Edith M. Ainge (1873–1948) was an American suffragist and a member of the activist group the Silent Sentinels. Ainge joined the National Woman's Party (NWP) led by Alice Paul to advocate for women's right to vote in the United States, which was established with the ratification of the 19th amendment in 1920. Ainge was arrested approximately five times from September 1917 to January 1919 for "unlawful assembly" (obstructing traffic) at NWP protests, and she later served as treasurer of the NWP.

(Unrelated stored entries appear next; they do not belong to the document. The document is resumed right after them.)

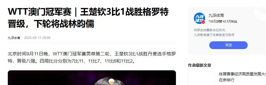 WTT澳门冠军赛|王楚钦3比1战胜格罗特晋级,下轮将战林昀儒 九派体育 2025-09-11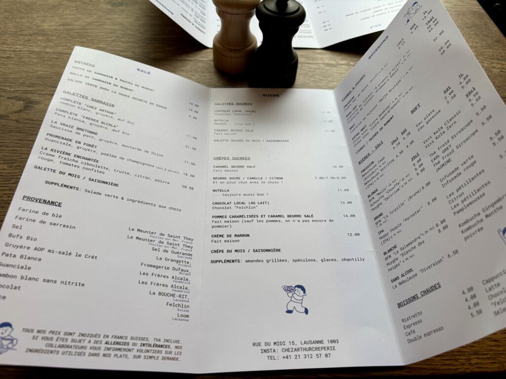 Nouveau et bien sympa: la crêperie bretonne Chez Arthur a ouvert mi-février 2026 en face de Coffee Page, avec son bar à cidres, ses galettes aux bords croustillants et ses crêpes sucrées. Ambiance vivante et décontractée, avec un accueil jeune, chaleureux et plein d’énergie, bien à l’écoute et au taquet en cette période de rodage. Et à bon entendeur: la terrasse devrait faire prochainement son retour et la réservation est conseillée le midi, bien qu’il y ait quelques places disponibles au bar.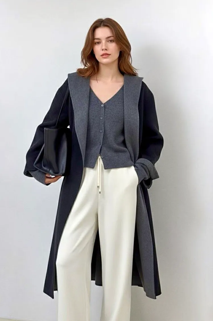 H56撞色連帽雙面羊毛呢西外套(2色)

== Suffrage in New York ==
Ainge worked for the women's suffrage movement in New York state in 1915. She spearheaded participation in The Torch of Liberty event where suffragists from New York, New Jersey, and Pennsylvania—organizing events to gather more participation and awareness about the cause, and to raise funding for the suffragist movement and for the political rallies.

== Night of Terror ==
Following her work on New York State Suffrage, Ainge moved to New York to rally for National voting rights for women. On November 10, 1917 suffragists Edith Ainge and Eleanor Calnan were two of thirty three arrested after stationing themselves in protest in front of the White House in Washington D.C. The protest was peaceful, and 68 suffragists demonstrated for the passage of the 19th Amendment. Ainge and Calnan carried a sign that read, “How Long Must Woman Be Denied a Voice in a Government Which is Conscripting Their Sons.” Ainge, and other suffragists were sentenced to 60 days in jail at the Occoquan Workhouse in Lorton, Virginia for obstructing traffic, referred to as "Unlawful Assembly.” Ainge was given solitary confinement, many of those arrested were tortured, and the event has been named the "Night of Terror."

== 1918 arrest ==
Ainge was again arrested for demonstrating in Lafayette Square on August 15, 1918.

== Watch Fire Demonstration, 1919 ==
At the Watch Fire Demonstrations, in Lafayette Square, members of the NWP burned copies of President Woodrow Wilson's speeches in urns. Ainge was the first to light her urn. The women, including Ainge were again arrested.

== Personal life ==
Ainge was born in England and emigrated to the U.S. as a child in 1884. Her parents William and Susan Ainge had a total of ten children.

Ainge was buried in Lake View Cemetery in Jamestown, New York.